Discuss ideas for protecting a falling object from damage on impact.

  • Show and discuss the materials available to make the ‘egg protector’. What is it? More importantly, what can it be? (Don’t hand them out yet).
  • Start with a sketch/design on paper.
  • Recap health and safety considerations for equipment such as hot glue and craft knives.

step 4

Hand out the egg shakers and start the building process of the protector, using the iterative design process to test, evaluate and improve the design.

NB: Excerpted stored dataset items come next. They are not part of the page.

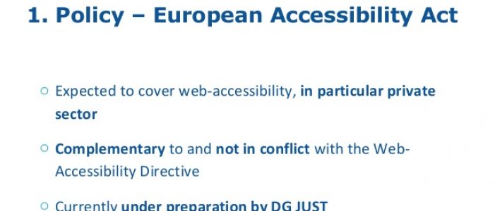 The European Disability Forum (EDF) participated in the discussions by stressing the importance of making products and services accessible for all, as a default position, rather than as a special service. In this particular aspect, the EDF identified the “design-for-all” approach taken by the proposal as a key element. Overall, the Forum praised the legislation as an important step in the right direction, but it criticized it for not going far enough.
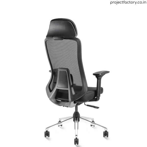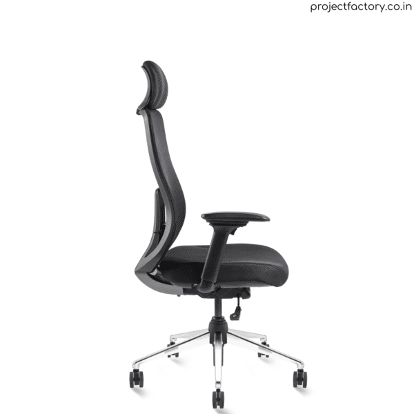 Project Factory Scott Lite Executive Chair with YUVA mesh technology, available in HB/MB variants, black finish, 4D PU armrests, 1D lumbar support, eco-friendly construction, auto weight mechanism, and crystal chrome base for premium workspace comfort.
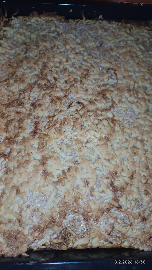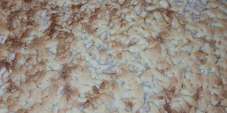 mouka hladká, tuk hera, žloutek, cukr moučkový, kypřící prášek do pečiva, jablko, cukr vanilkový, cukr krupice, skořice mletá, bílek
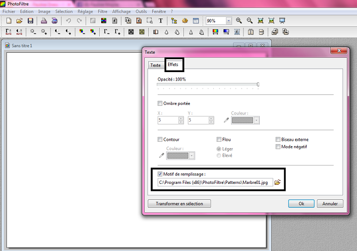 Avant de cliquez sur OK, rendez-vous dans l'onglet Effets et sélectionnez un motif de remplissage en allant chercher l'image de votre choix.
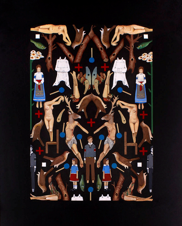 David Ruhlman, a self taught painter primarily works in gouache on wood panel. He also creates books, collages, and installations, all using found objects. David’s work has appeared in shows at the Salt Lake Art Center, The Object Gallery, Finch Lane, Atlanta Georgia, Houston Baptist Universtiy, The Pickle Company, London International Festival of Surrealism 2008 and Tangermünde, Germany.
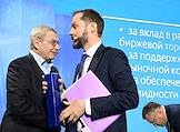 VII Ежегодный международный форум Санкт-Петербургской международной товарно-сырьевой биржи (СПбМТСБ) "Биржевой товарный рынок-2023" в конгресс-центре Double Space. Заместитель министра энергетики России Анатолий Яновский (слева) и заместитель руководителя ФАС России Виталий Королев (в центре) на форуме.
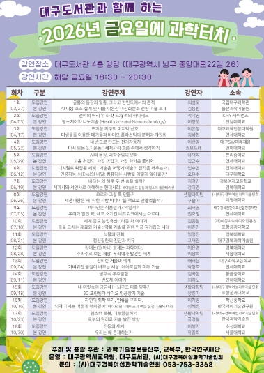 이번 프로그램은 오는 3월 27일부터 10월 30일까지 매주 금요일(18:30~20:30) 총 18회에 걸쳐 대구도서관 강당에서 진행된다. 강연은 일상 속 과학 원리를 이해할 수 있는 도입 강연과 최신 연구 성과를 소개하는 본 강연으로 구성된다.

  • Use an egg shaker for testing rather than a real egg.
  • Encourage different approaches to the design. Students should try out different solutions and try to combine them.
  • They should use the scientific method learnt in the previous unit to make sure they have accurate data to help form a hypothesis and make predictions (i.e. constant = dropping from the same height).

step 5

Stop work for a plenary to check progress – sharing, testing and feedback:

  • Each group should show how their ‘egg protector’ is made, how it works, what materials they used, what choices they made, what problems they had to solve to teach each other what they have learnt. When giving each other feedback, students should critically discuss the plans: see where the strengths or weaknesses of the idea manifest.
  • Name the real eggs and weigh the protectors using scales (write it down for later).
  • Test the designs outside the classroom to a location where you can safely drop them from a height such as a bridge or roof garden.
  • Students will place a real egg into their ‘egg protector’, then drop them one at a time preferably from a height of 3-5 meters (clean up between each drop if needed).
  • Discuss the outcome between each drop. Discuss what actually happened and why? Did it do what was predicted? Cherish the eggs that survived!

step 6

Back in the classroom, make an inventory of each group and their egg. Share the results on a scoreboard, recording egg name, weight and result using this symbol system: a fried egg indicates that the egg was completely broken, a whole egg with a crack in it indicates that the egg was broken, but still kept its shape, an unbroken egg indicates the challenge was a success.

step 7

The winner is the group with an unbroken egg and the lightest protector.

step 8

Within the results, evaluate which aspects of each design were good ideas and which ones were less successful. As students don’t always understand all the skills they have used to accomplish the assignment, name the skills they used explicitly and give positive feedback.